_ASSIGNMENT:_ Go to the line below that contains "8月28日,天建公司收到由国". From there to the end of the records, reproduce each line exactly, except the pictures.

###

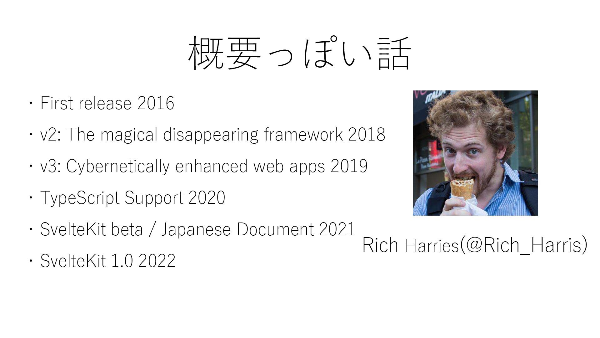 概要っぽい話 Rich Harries(@Rich_Harris) ・First release 2016 ・v2: The magical disappearing
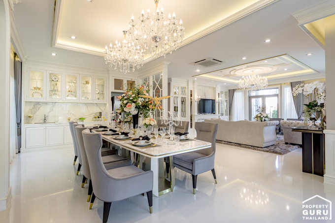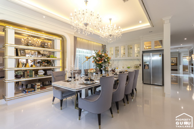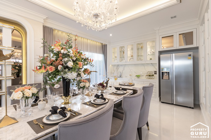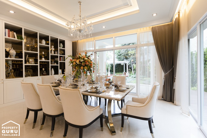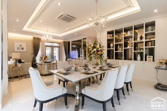 วางโต๊ะอาหารขนาด 6-8 ที่ได้พอดี ส่วนตรงผนังสามารถจัดเป็นตู้โชว์วางของ
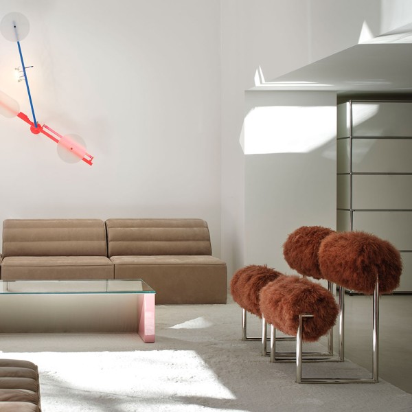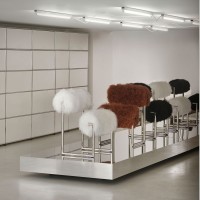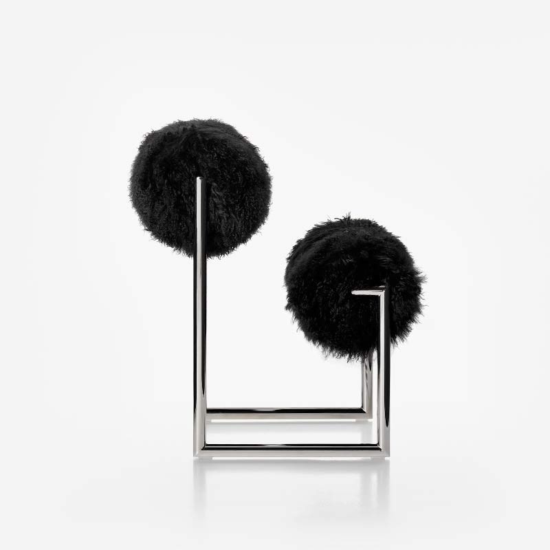 Le fauteuil Due Più, conçu par Nanda Vigo et réédité par Acerbis en 2023, est une pièce iconique du design italien des années 70. Avec sa structure tubulaire en acier chromé et ses deux rouleaux cylindriques recouverts de fourrure de chèvre de Mongolie, il exprime à la fois audace et raffinement. Ses proportions équilibrées (L. 51 × P. 54,5 × H. 72 cm) et son assise à 47 cm du sol en font un siège confortable et sculptural.
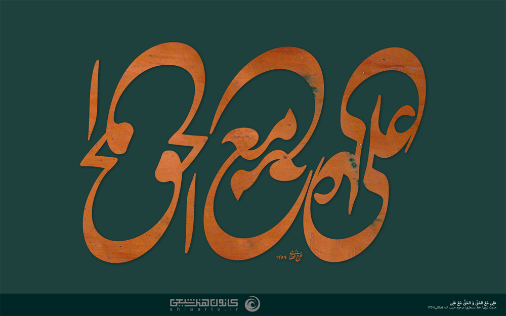 کتابت حدیث شریف نبوی (صلّی اللّه علیه و آله و سلم): «عَلِیٌّ مَعَ الْحَقِّ وَالْحَقُّ مَعَ عَلِیٍّ»؛ امیرالمؤمنین علی (علیهالسلام) همواره همراه حق و حق همواره با علی (علیهالسلام) است - تنکابنی، ضیاء القلوب، ۱۳۸۲ش، ج۲، ص۲۰۳.با خط کوفی بنایی
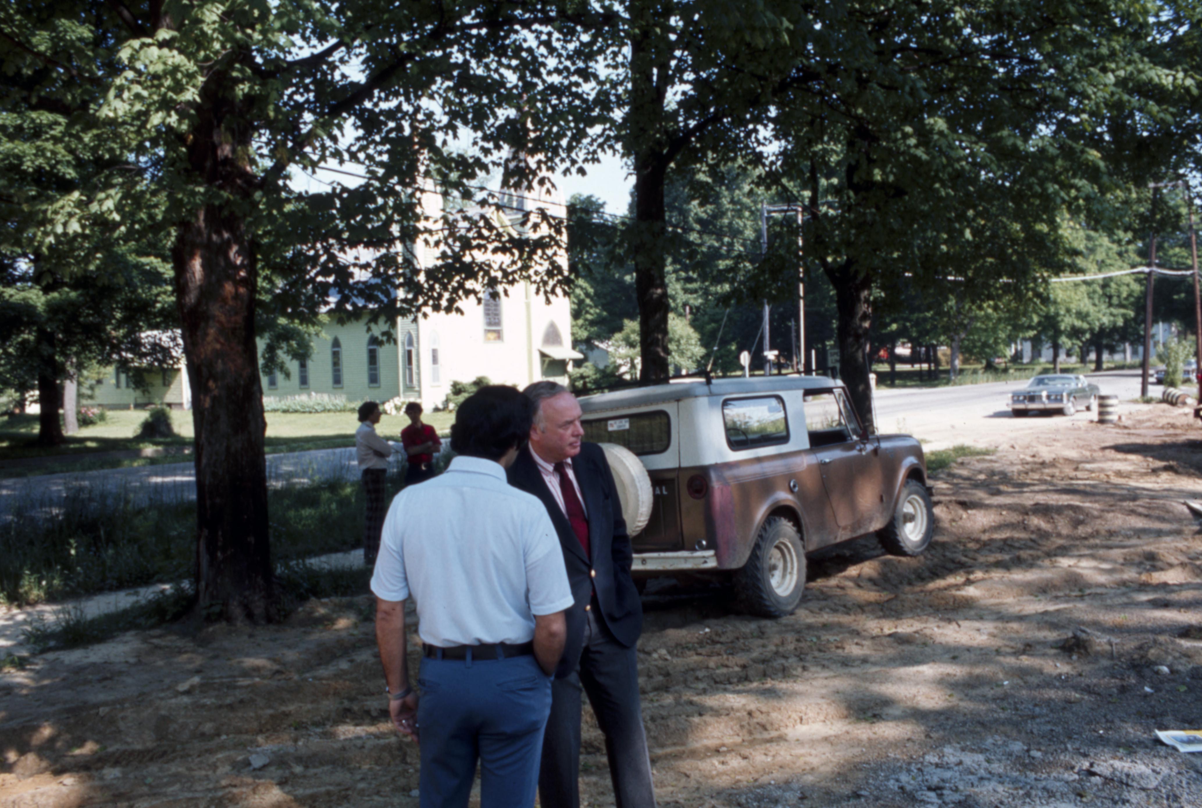 Lanark Development Collection: Construction of 820 Main Street New Harmony Indiana. Men working on the construction of the new building. Holy Angel's Catholic church can be seen across Main Street in the center of the photo.
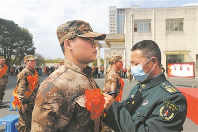 王忠心為新兵佩戴大紅花。武時化 攝
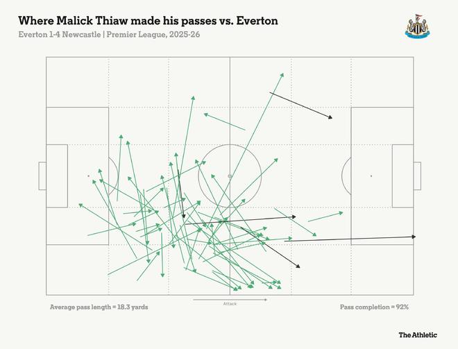 本赛季纽卡斯尔只有23.9%的传球是向左路发展的——这是联赛中第二低的比例——突显了因伯恩被迫客串左后卫以及安东尼-戈登状态下滑而导致的进攻组织问题。佳夫和霍尔之间的默契有望纠正这种失衡,尽管与预期模式相反,正是霍尔传给埋伏在门前的佳夫的传中,造就了纽卡斯尔的第四个进球。
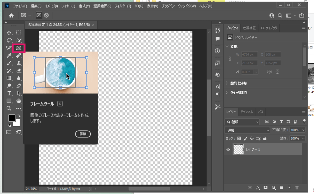 - ドラッグドロップで事前に用意した(1~4で作成した)画像(300ppi/tif形式)を6で作成したフレームに投げ入れる
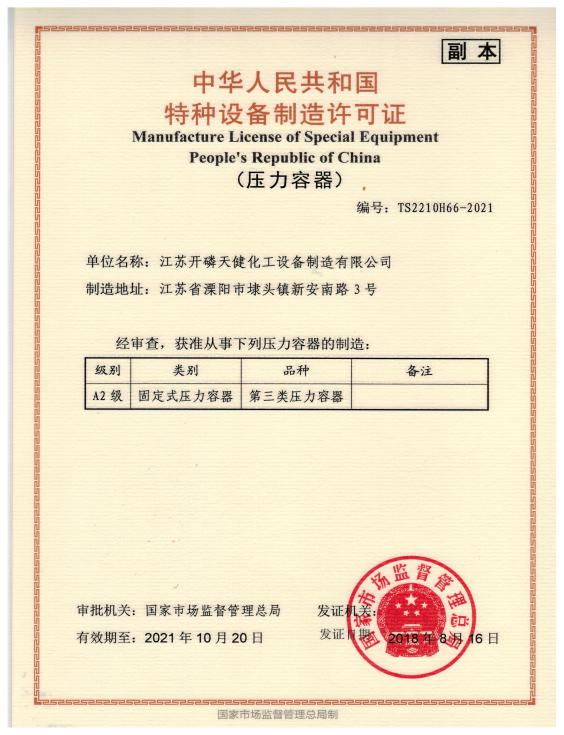 8月28日,天建公司收到由国家市场监督管理总局颁发的编号为:TS2210H66-2021,有效期至2021年10月20日的A2级压力容器制造许可证,获准从事A2级固定式压力容器第三类压力容器的制造,标志着天健公司四年一次的压力容器证复审换证工作圆满完成。
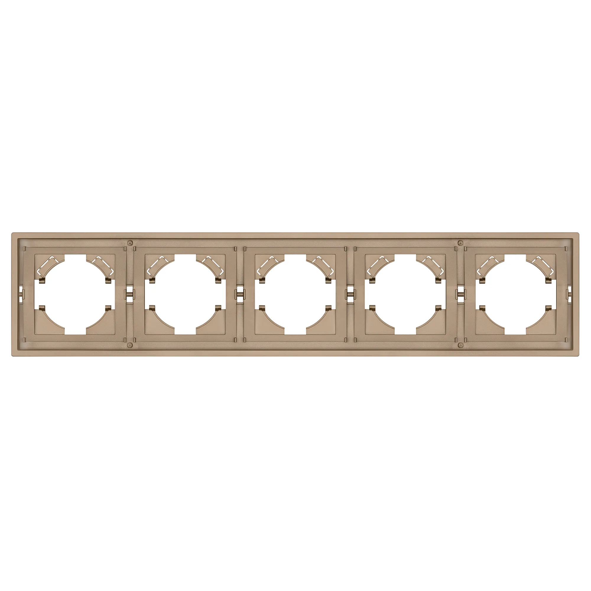 Рамка пластиковая на 5 постов, под встраиваемый механизм. Цвет - песочный. Уровень герметичности IP20. Ориентация монтажа горизонтальная.
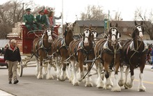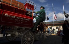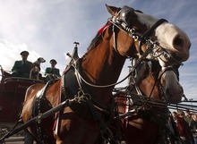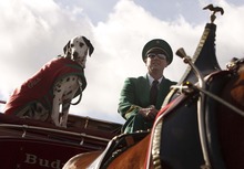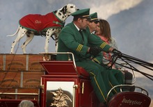 Drivers Roman Raber and Dennis Knepp and Gus the dalmation steer a team of Budweiser Clydes
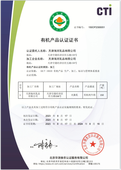 海河乳品公司成功獲得 “有機產(chǎn)品認證”
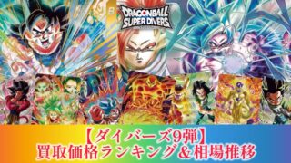 今回はドラゴンボールスーパーダイバーズ【第9弾】のPR・PUR・CP・GDR・SEC(パラレル版含む)を含めた上位33種の稼働初日の買取価格をランキング形式で発表していき、更に稼働初日以降の買取価格の推移を掲載していきたいと思います!
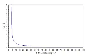 For SiO2, for a primary electron energy of 100 eV, the secondary electron range is up to 20 nm from the point of incidence.[4][5]
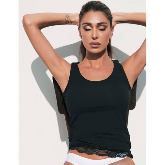 Canotta Donna Jadea 4328 spalla larga e spalla sottile in cotone elasticizzato inserti in pizzo
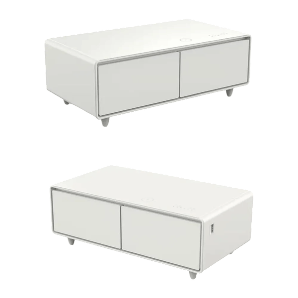 طاولة قهوة ذكية فاخرة مزودة بثلاجة مدمجة بسعة كبيرة، تتميز بنظام تحكم بدرجة الحرارة، لوحة تحكم ذكية، وتصميم عصري يناسب غرف المعيشة والاستقبال - 135 لتر
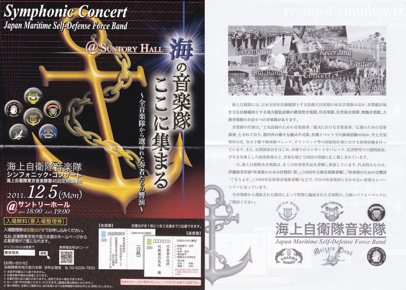 結局、中方音のファミリーコンサートも公式ページには一切名前でてこないまま応募締め切り日をむかえたみたいですし、京都の演奏会もあんな状態でしたから(今更言ってもしょうがないので詳細は書きませんが、個人的には今回の中方より対応悪かったと思います)、ホンマに大丈夫かいな、自衛隊?!
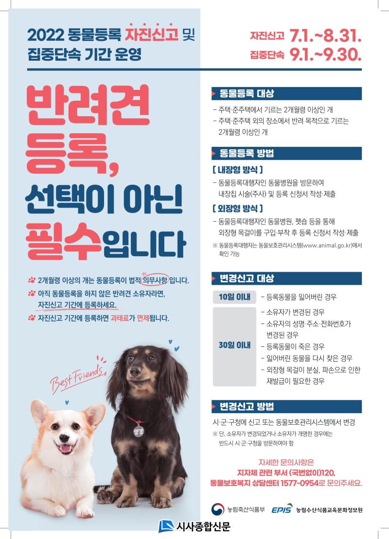 µ¿¹°µî·ÏÀº 2°³¿ù·É ÀÌ»óÀÇ °³´Â ÇʼöÀûÀ¸·Î ÇØ¾ß ÇÑ´Ù. ÀÌ¹Ì µî·ÏÀ» Çß´õ¶óµµ µî·Ï ³»¿ë¿¡ º¯°æÀÌ ÀÖ´Ù¸é Àǹ«ÀûÀ¸·Î º¯°æ ½Å°í¸¦ ÇØ¾ß ÇÏ°í ±ºÃ» ¶Ç´Â µ¿¹°º¸È£°ü¸®½Ã½ºÅÛ¿¡¼ º¯°æ ½Å°í¸¦ ÇÒ ¼ö ÀÖ´Ù. À̸¦ À§¹ÝÇÒ °æ¿ì 100¸¸ ¿ø ÀÌÇÏÀÇ °úÅ·ᰡ ºÎ°úµÈ´Ù. ±×·¯³ª ÀÚÁø½Å°í ±â°£ Áß ÀÚ¹ßÀûÀ¸·Î µ¿¹°µî·ÏÀ» ÇÒ °æ¿ì °úÅ·ᰡ ¸éÁ¦µÈ´Ù.

###

_SOLUTION TO THIS EXERCISE:_
 8月28日,天建公司收到由国家市场监督管理总局颁发的编号为:TS2210H66-2021,有效期至2021年10月20日的A2级压力容器制造许可证,获准从事A2级固定式压力容器第三类压力容器的制造,标志着天健公司四年一次的压力容器证复审换证工作圆满完成。
 Рамка пластиковая на 5 постов, под встраиваемый механизм. Цвет - песочный. Уровень герметичности IP20. Ориентация монтажа горизонтальная.
 Drivers Roman Raber and Dennis Knepp and Gus the dalmation steer a team of Budweiser Clydes
 海河乳品公司成功獲得 “有機產(chǎn)品認證”
 今回はドラゴンボールスーパーダイバーズ【第9弾】のPR・PUR・CP・GDR・SEC(パラレル版含む)を含めた上位33種の稼働初日の買取価格をランキング形式で発表していき、更に稼働初日以降の買取価格の推移を掲載していきたいと思います!
 For SiO2, for a primary electron energy of 100 eV, the secondary electron range is up to 20 nm from the point of incidence.[4][5]
 Canotta Donna Jadea 4328 spalla larga e spalla sottile in cotone elasticizzato inserti in pizzo
 طاولة قهوة ذكية فاخرة مزودة بثلاجة مدمجة بسعة كبيرة، تتميز بنظام تحكم بدرجة الحرارة، لوحة تحكم ذكية، وتصميم عصري يناسب غرف المعيشة والاستقبال - 135 لتر
 結局、中方音のファミリーコンサートも公式ページには一切名前でてこないまま応募締め切り日をむかえたみたいですし、京都の演奏会もあんな状態でしたから(今更言ってもしょうがないので詳細は書きませんが、個人的には今回の中方より対応悪かったと思います)、ホンマに大丈夫かいな、自衛隊?!
 µ¿¹°µî·ÏÀº 2°³¿ù·É ÀÌ»óÀÇ °³´Â ÇʼöÀûÀ¸·Î ÇØ¾ß ÇÑ´Ù. ÀÌ¹Ì µî·ÏÀ» Çß´õ¶óµµ µî·Ï ³»¿ë¿¡ º¯°æÀÌ ÀÖ´Ù¸é Àǹ«ÀûÀ¸·Î º¯°æ ½Å°í¸¦ ÇØ¾ß ÇÏ°í ±ºÃ» ¶Ç´Â µ¿¹°º¸È£°ü¸®½Ã½ºÅÛ¿¡¼ º¯°æ ½Å°í¸¦ ÇÒ ¼ö ÀÖ´Ù. À̸¦ À§¹ÝÇÒ °æ¿ì 100¸¸ ¿ø ÀÌÇÏÀÇ °úÅ·ᰡ ºÎ°úµÈ´Ù. ±×·¯³ª ÀÚÁø½Å°í ±â°£ Áß ÀÚ¹ßÀûÀ¸·Î µ¿¹°µî·ÏÀ» ÇÒ °æ¿ì °úÅ·ᰡ ¸éÁ¦µÈ´Ù.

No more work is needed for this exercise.